Repeat the data exactly, leaving out any image.
====== Data to use ======
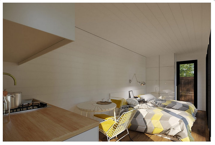 Das V4-Containerstudio ist ein eingebautes und isoliertes innenliegendes Tiny House oder Hausanbau, das steckerfertig geliefert wird.
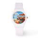 Watch featuring a colourful painting of a kitty snoozing on the beach.
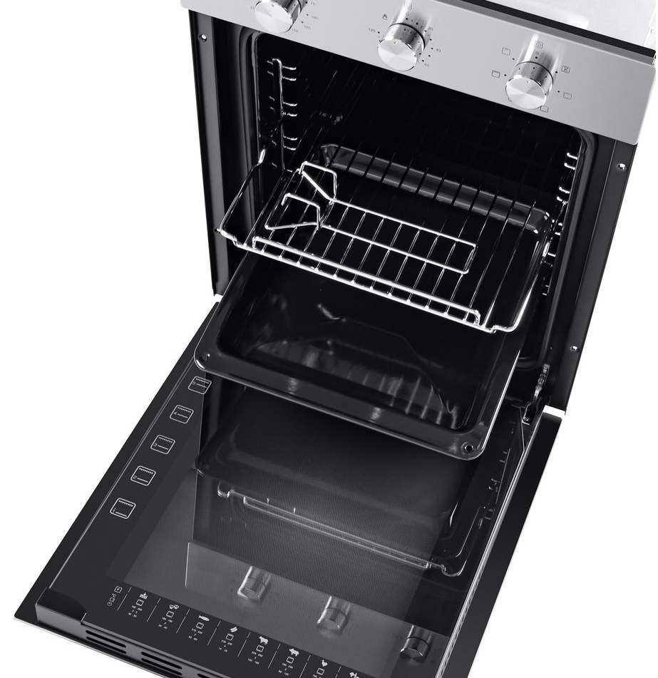 i У духового шкафа может быть газовый или электрический тип питания. Газовые духовки экономичнее, а электрические имеют больше режимов работы.
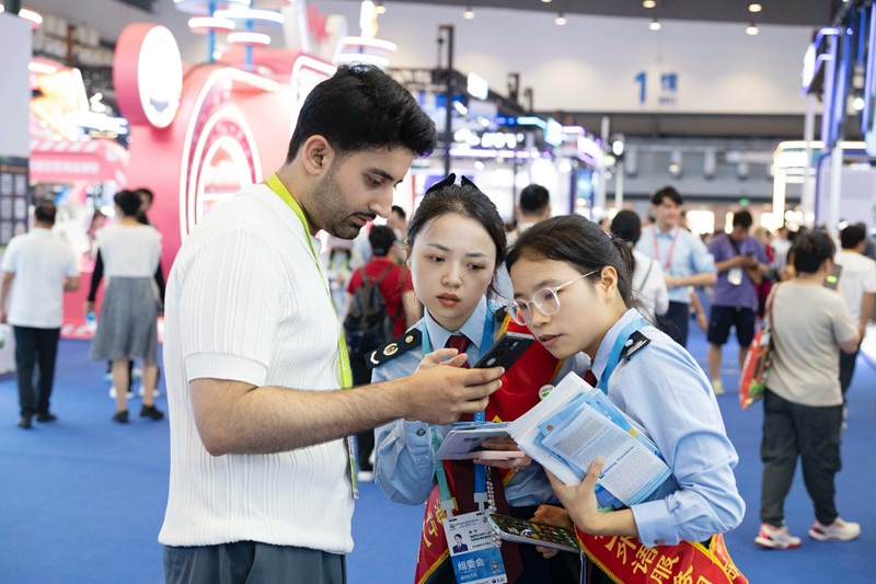 在绿地控股馆伊朗藏红花展位,重庆税务干部陈澜用流利英语讲解境外投资者再投资抵免政策;韩国展区内,保亭税务干部苏峰用韩语翻译政策资料,与展商互加微信建立长效对接;墨西哥客商的跨境涉税问题,由西班牙语人才陈雨含精准解答,用专业服务传递税收温度。
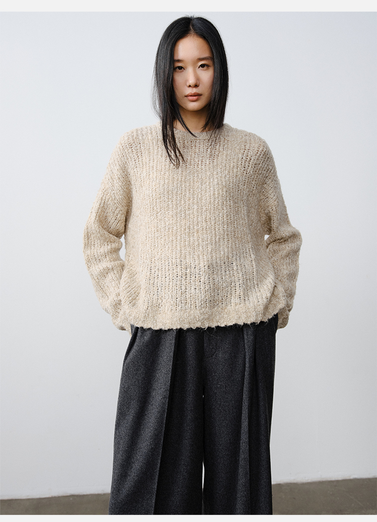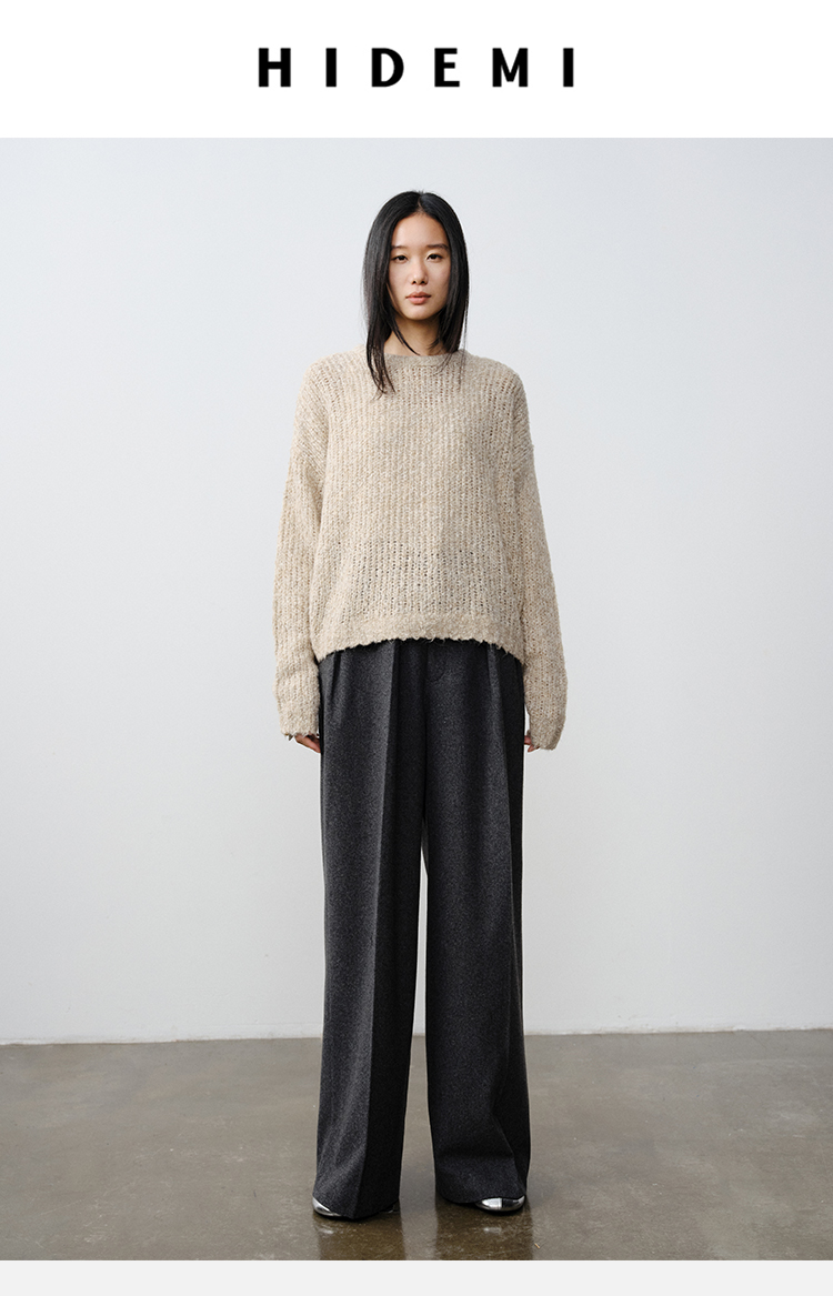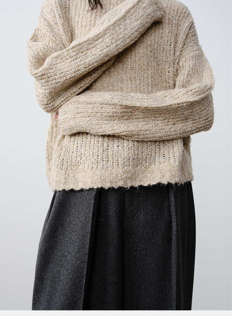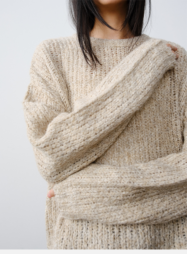 HIDEMI 意大利羊驼毛粗纺粗针松弛感极简宽松大毛衣
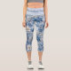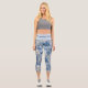 Elegant Blue and White Floral Pattern Design Capri Leggings
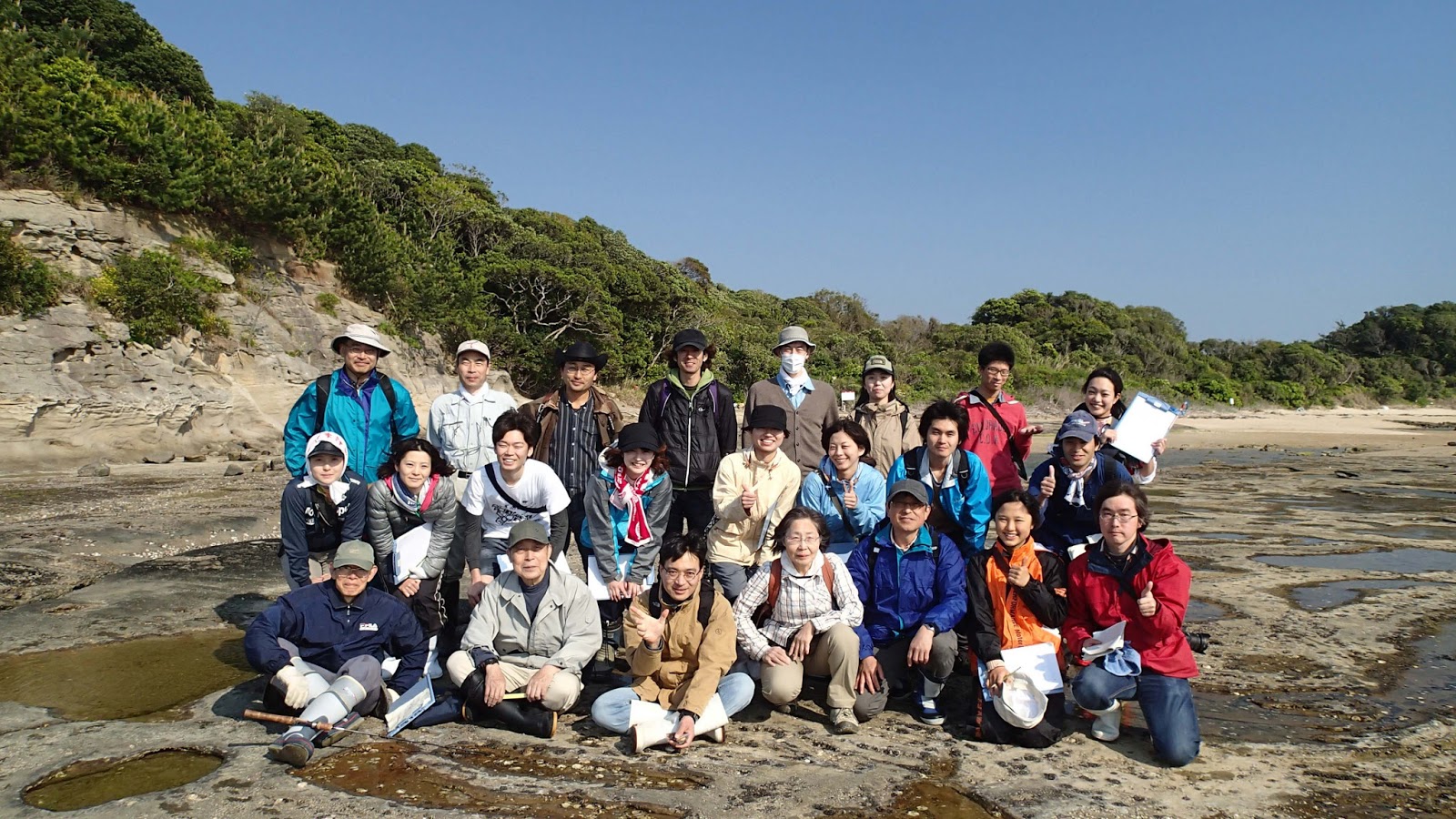 26日に打ち合わせ会、27-28日に実際の調査を行いました。総勢27名の参加者をお迎えし、軟体動物、節足動物(カニ、フジツボ)、棘皮動物、刺胞動物、環形動物を対象として、海岸生物の分布と密度を調べました。
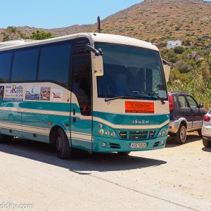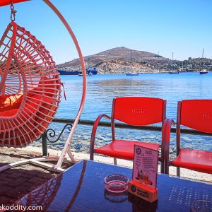 As I walk back along the harbour I see a bus timetable outside the Murano café. The lady from the café explains the timetable to me and there is a bus to Alinda in 45 minutes. I have plenty of time to stop for a cold drink whilst I wait and the ladies tells me that there is more of a breeze blowing along the harbour’s edge This is probably the hottest day of the trip so far. The sea is like glass and the humidity is draining.
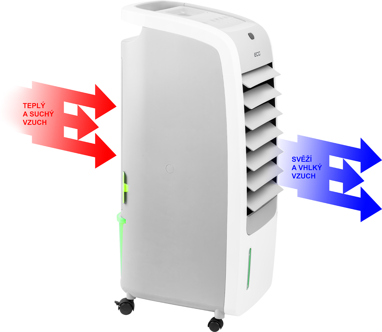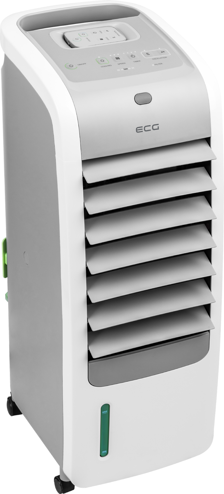 Das meistgenutzte Gerät in tschechischen Haushalten während der Sommertage ist zweifellos der Ventilator. Im Falle des Luftkühlers ECG ACR 5570 ist dies nur eine von vier Funktionen. Dies bedeutet jedoch nicht, dass der Ventilator weniger effizient ist, ganz im Gegenteil. Er verfügt über vertikale und horizontale Schwingungen. Die Geschwindigkeit des Luftstroms kann je nach Bedarf auf 3 Geschwindigkeiten, niedrig, mittel oder hoch, eingestellt werden.
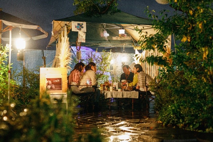 開催にあたってはアウトドア用品メーカー「COLEMAN」の協賛で、最新のキャンプグッズと共に多数のランタンの灯がともされ、表参道の真ん中に非日常的なキャンプ空間が出現。入居店舗である「bills 表参道」 からの特別なディナーの提供や「スターバックス コーヒー 東急プラザ表参道原宿店」からも「スターバック ス オリガミ®」を使用したワークショップが開催され、施設内外の協力企業とのコラボレーション体制を構築しました。
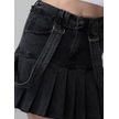 Kız Çocuk Askılı Pileli Tasarım Denim Etek-15535 Siyah
======
_Task result:_
 Das V4-Containerstudio ist ein eingebautes und isoliertes innenliegendes Tiny House oder Hausanbau, das steckerfertig geliefert wird.
 Watch featuring a colourful painting of a kitty snoozing on the beach.
 i У духового шкафа может быть газовый или электрический тип питания. Газовые духовки экономичнее, а электрические имеют больше режимов работы.
 在绿地控股馆伊朗藏红花展位,重庆税务干部陈澜用流利英语讲解境外投资者再投资抵免政策;韩国展区内,保亭税务干部苏峰用韩语翻译政策资料,与展商互加微信建立长效对接;墨西哥客商的跨境涉税问题,由西班牙语人才陈雨含精准解答,用专业服务传递税收温度。
 HIDEMI 意大利羊驼毛粗纺粗针松弛感极简宽松大毛衣
 Elegant Blue and White Floral Pattern Design Capri Leggings
 26日に打ち合わせ会、27-28日に実際の調査を行いました。総勢27名の参加者をお迎えし、軟体動物、節足動物(カニ、フジツボ)、棘皮動物、刺胞動物、環形動物を対象として、海岸生物の分布と密度を調べました。
 As I walk back along the harbour I see a bus timetable outside the Murano café. The lady from the café explains the timetable to me and there is a bus to Alinda in 45 minutes. I have plenty of time to stop for a cold drink whilst I wait and the ladies tells me that there is more of a breeze blowing along the harbour’s edge This is probably the hottest day of the trip so far. The sea is like glass and the humidity is draining.
 Das meistgenutzte Gerät in tschechischen Haushalten während der Sommertage ist zweifellos der Ventilator. Im Falle des Luftkühlers ECG ACR 5570 ist dies nur eine von vier Funktionen. Dies bedeutet jedoch nicht, dass der Ventilator weniger effizient ist, ganz im Gegenteil. Er verfügt über vertikale und horizontale Schwingungen. Die Geschwindigkeit des Luftstroms kann je nach Bedarf auf 3 Geschwindigkeiten, niedrig, mittel oder hoch, eingestellt werden.
 開催にあたってはアウトドア用品メーカー「COLEMAN」の協賛で、最新のキャンプグッズと共に多数のランタンの灯がともされ、表参道の真ん中に非日常的なキャンプ空間が出現。入居店舗である「bills 表参道」 からの特別なディナーの提供や「スターバックス コーヒー 東急プラザ表参道原宿店」からも「スターバック ス オリガミ®」を使用したワークショップが開催され、施設内外の協力企業とのコラボレーション体制を構築しました。
 Kız Çocuk Askılı Pileli Tasarım Denim Etek-15535 Siyah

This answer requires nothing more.